Of course it is not just collective redundancy situations which require an employer to undertake consultation. The Transfer of Undertakings (Protection of Employment) Regulations 2006 (TUPE) also necessitates employers undertaking consultation and is another area that can cause difficulties. In two recent cases the EAT have considered first, whether employee representatives had been correctly appointed and secondly, whether the duty to consult applied to employees retained in the business after part of it was sold.

Under Regulation 13 of TUPE the employer is under a duty to consult the appropriate representatives of any "affected employees", which in turn is defined as "any employees of the transferor or the transferee (whether or not assigned to the organised grouping of resources or employees that is the subject of a relevant transfer) who may be affected by the transfer or may be affected by measures taken in connection with it".

Regulation 14(1)(a) states:

"(a) the employer shall make such arrangements as are reasonably practicable to ensure that the election is fair...

(b) all affected employees on the date of the election are entitled to vote for employee representatives..."

Making an election fair

In the first case, Shields Automotive Ltd v Langdon, the employer announced at 2pm that an election would take place and that nominations and voting had to be completed by 5pm the same day. This election took place a week before the proposed transfer but there was evidence to suggest it could have taken place earlier.

One employee, Mr A, did not vote as he was concerned about the tight timetable and one employee, Mr B, did not vote as it was his day off. The employee with the most votes was elected but there was a tie for second place. The employer decided which of the two tied employees should be the representative by rejecting one of the candidates as he did not work on the day that the consultation meeting was going to be held. The two employees who had not voted complained that the employer had failed to comply with Regulation 14.

The EAT held that the tribunal had been entitled to find that the employer had failed to comply with Regulation 14. All employees were entitled to vote and the employer had not shown that it was not reasonably practicable to allow all employees to vote. It was also a breach of Regulation 13(3) for the employer to decide a tie break when the representatives were supposed to be appointed or elected by the affected employees.

The EAT stated that the level of the protective award was to be determined by the seriousness of the employer's default. In this case the EAT upheld an award of compensation of two weeks' pay in the case of Mr A but reduced the award for Mr B from seven weeks' pay to three weeks' pay as it considered this award to be "manifestly excessive".

Who are "affected employees"?

In the second case on TUPE consultation - Lab Facilities Ltd v Metcalfe - the EAT held on the facts of the case that the duty to inform and consult under TUPE did not apply to employees retained in the business after part of it was sold.

The case concerned a business, ILUK, which was the result of a merger of two distinct businesses. Following the merger the two businesses retained their distinct features. When the business got into financial difficulties and went into liquidation the liquidator sold one part to I Lab and the other part was closed down. Employees in the part that had been closed down made tribunal claims against ILUK and I Lab alleging that they were in breach of the obligation to inform and consult under Regulation 13 of TUPE.

A tribunal allowed the claims and awarded 13 weeks' gross pay to the 10 employees concerned, totalling in excess of £80,000. As the only solvent party, this liability would have fallen to the transferee, I Lab, to pay.
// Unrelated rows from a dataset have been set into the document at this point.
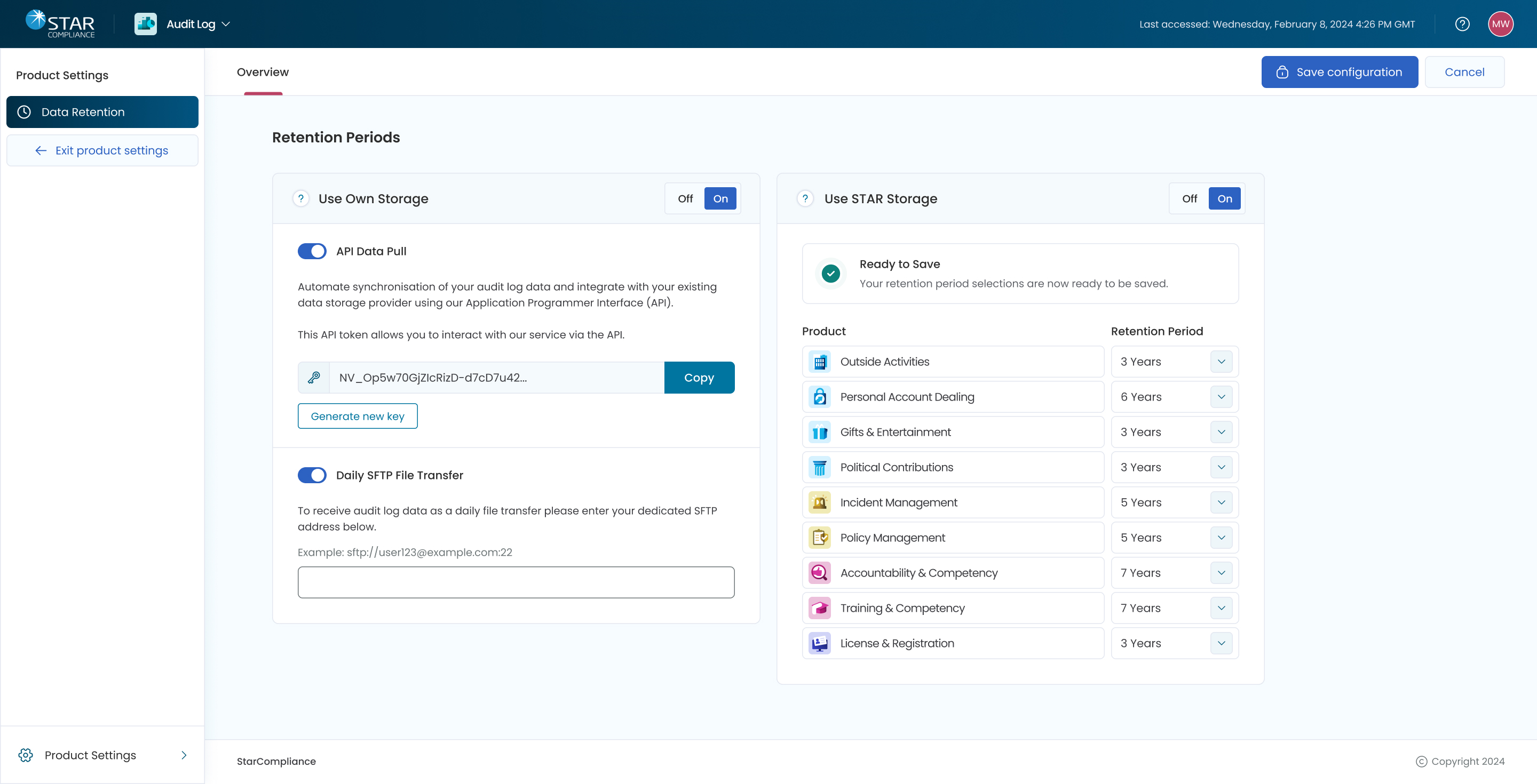 As part of the audit service configuration settings, users needed to be able to manage their data storage. If they chose to use STAR's data storage, from here they need to also handle their data retention periods, in accordance with their Country's compliance rules and regulations.
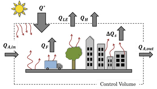 The surface energy balance (SEB) is often presented as the starting point for numerical weather models and meteorological observation studies interested in quantifying energetic processes within a given volumetric layer [4,63]. Figure 2 shows the balance of energetic components found in a typical urban control volume. The net all-wave radiation (), sensible heat flux (), latent heat flux (), and storage heat flux () are all included in the traditional surface energy balance, while the anthropogenic heat flux (), advective heat flux (), and other sources and sinks (S) are incorporated depending on their significance to a given application. The resulting surface energy balance for urban areas can be written as [64]:
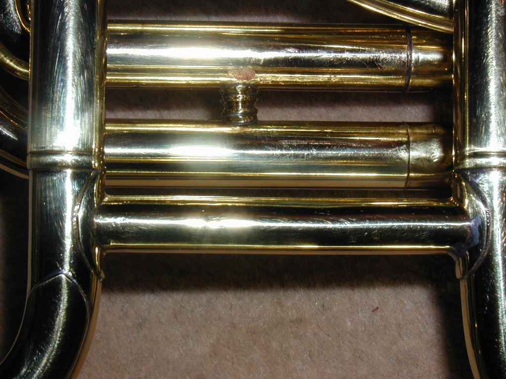 | the Bb-slides mounted on the valve system | the solder joint on the maintuning slide; the main tuning slide for F is lost. |
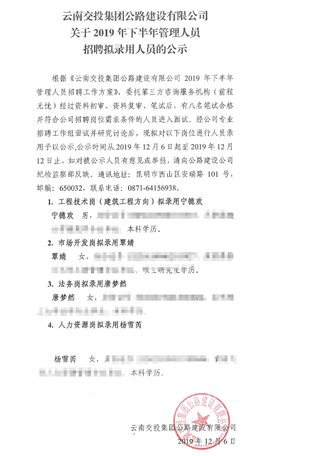 云南交投集團(tuán)公路建設(shè)有限公司關(guān)于2019年下半年管理人員 招聘擬錄用人員的公示
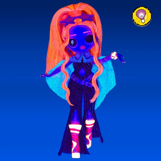 Направьте свет ультрафиолетового фонарика на куклу O.M.G. и ее одежду, чтобы увидеть сюрприз.
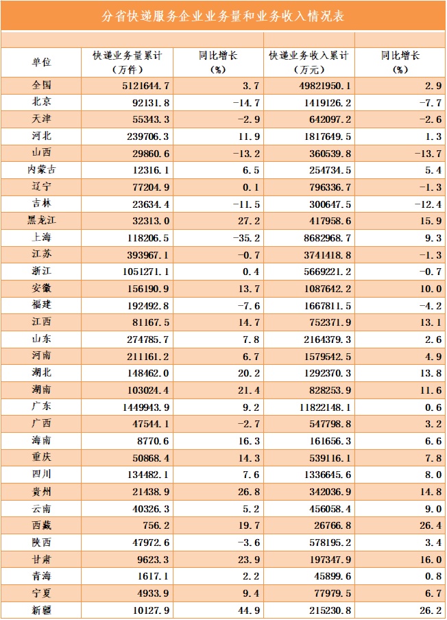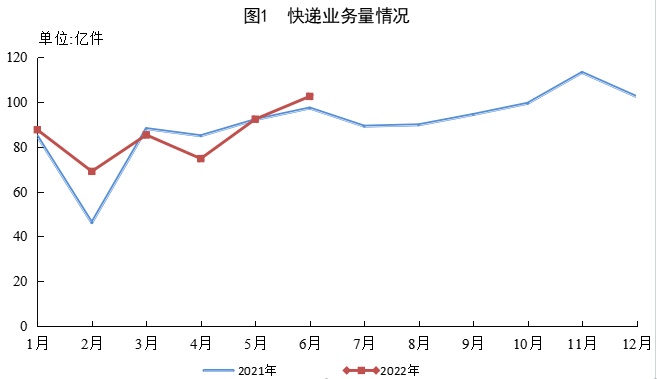 6月份,全国快递服务企业业务量完成102.6亿件,同比增长5.4%;业务收入完成976.7亿元,同比增长6.6%。
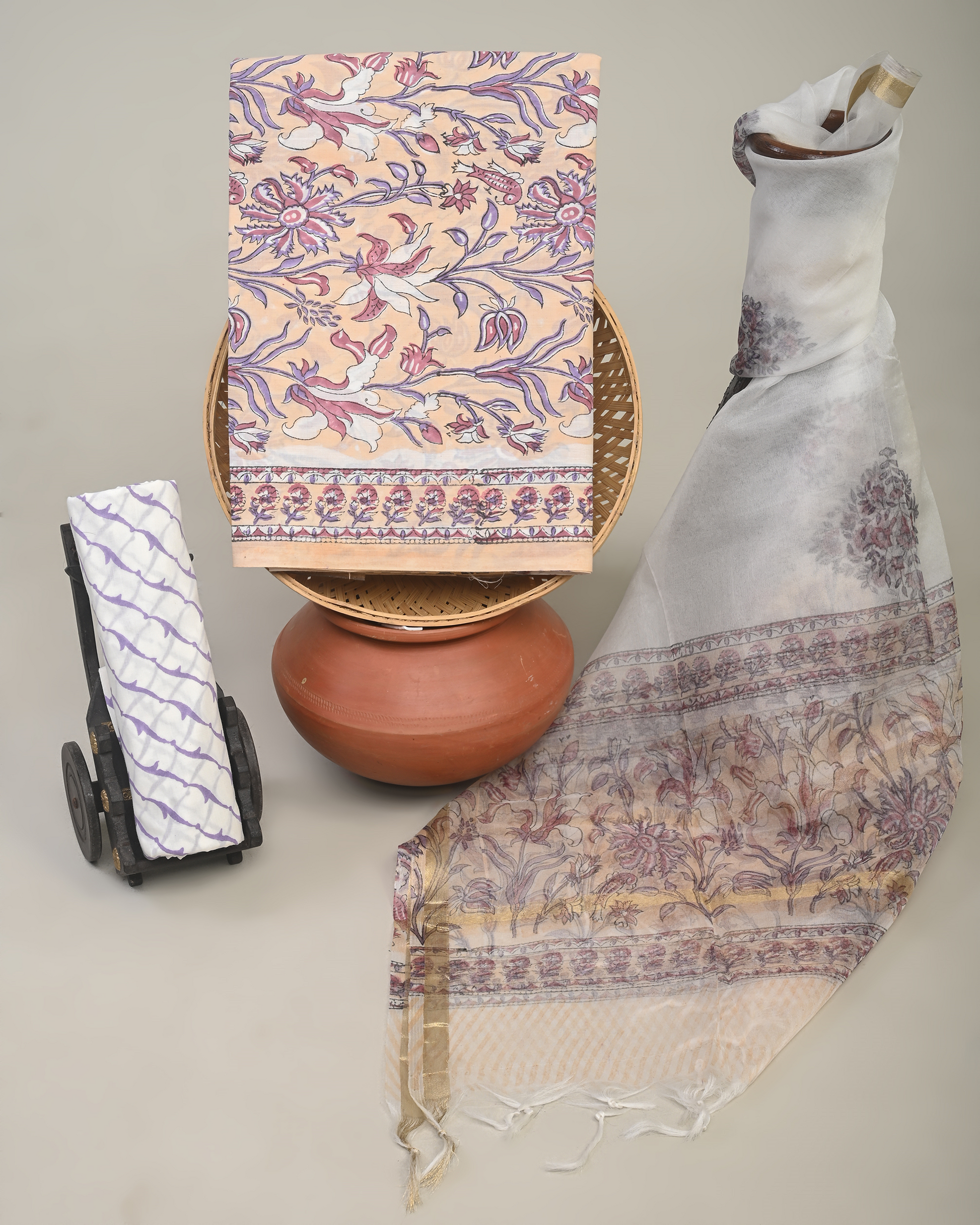 A Trending collection of ORGANZA DUPATTA COTTON SUIT with hand brush paint & hand block print to wear At Parties, Functions Or Just Casually Which Is Stylish & comfortable To Wear For Women. This Suit And You Will Be A Fashion Statement Every Time with Brand Of Tanchui.
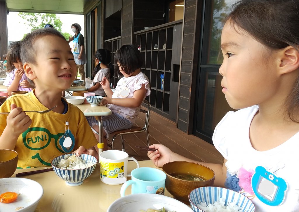 また、冬の寒さで甘味が増したさつまいもや大根を食べたり、夏の時期は畑で収穫した茄子やキュウリ等の野菜を食べたり、縁側で食べることで季節によって変わる風景を楽しんだりと、給食を通して季節を感じることができます。
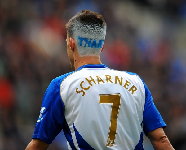 | Với mẫu tóc lạ lùng này, không ít người nghĩ cầu thủ đa năng Paul Scharner của Wigan có lẽ đã dựa phải đâu đó khiến mái tóc của anh bị lấm bẩn. |

I Lab appealed.

The EAT overturned the tribunal's decision and held that the employees were not "affected" by the transfer within the meaning of Regulation 13. The employees were not affected by the transfer simply by being excluded from it. Even if the subsequent closure of the part of the business in which the retained employees worked could be said to be, in part, the result of the sale of the other part of the business, this indirect effect did not mean there was a duty to inform and consult. The tribunal's decision could not be defended on the basis that under an earlier plan some of the employees may have been included in the transfer and it was this change of plan that brought them within the ambit of the consultation provisions. The transfer has to actually occur before the consultation provisions come into play; the transfer that did occur did not "affect" the employees as they were not included in it.

Comment

The financial penalties for failure to comply with the consultation provisions under TUPE are the same as the collective redundancy provisions, with the maximum award being 13 weeks' gross pay to each affected employee. The case about the elections is some comfort to employers that more minor or technical breaches of the Regulations concerning elections will not be punished in the same way as wholesale failure to comply.

It should be noted that a duty to consult with non-transferring employees may still arise where it can be argued that they are affected by the transfer, for example, by doing work in or for the transferring business. Ultimately in the I Lab case the non-transferring employees were affected by the closure of the part of the business in which they worked, rather than the transfer itself. However, it should also be remembered that there may be consultation obligations under the collective redundancy rules in relation to the closing down of part of a business if 20 or more employees are involved. 

The content of this article is intended to provide a general guide to the subject matter. Specialist advice should be sought about your specific circumstances.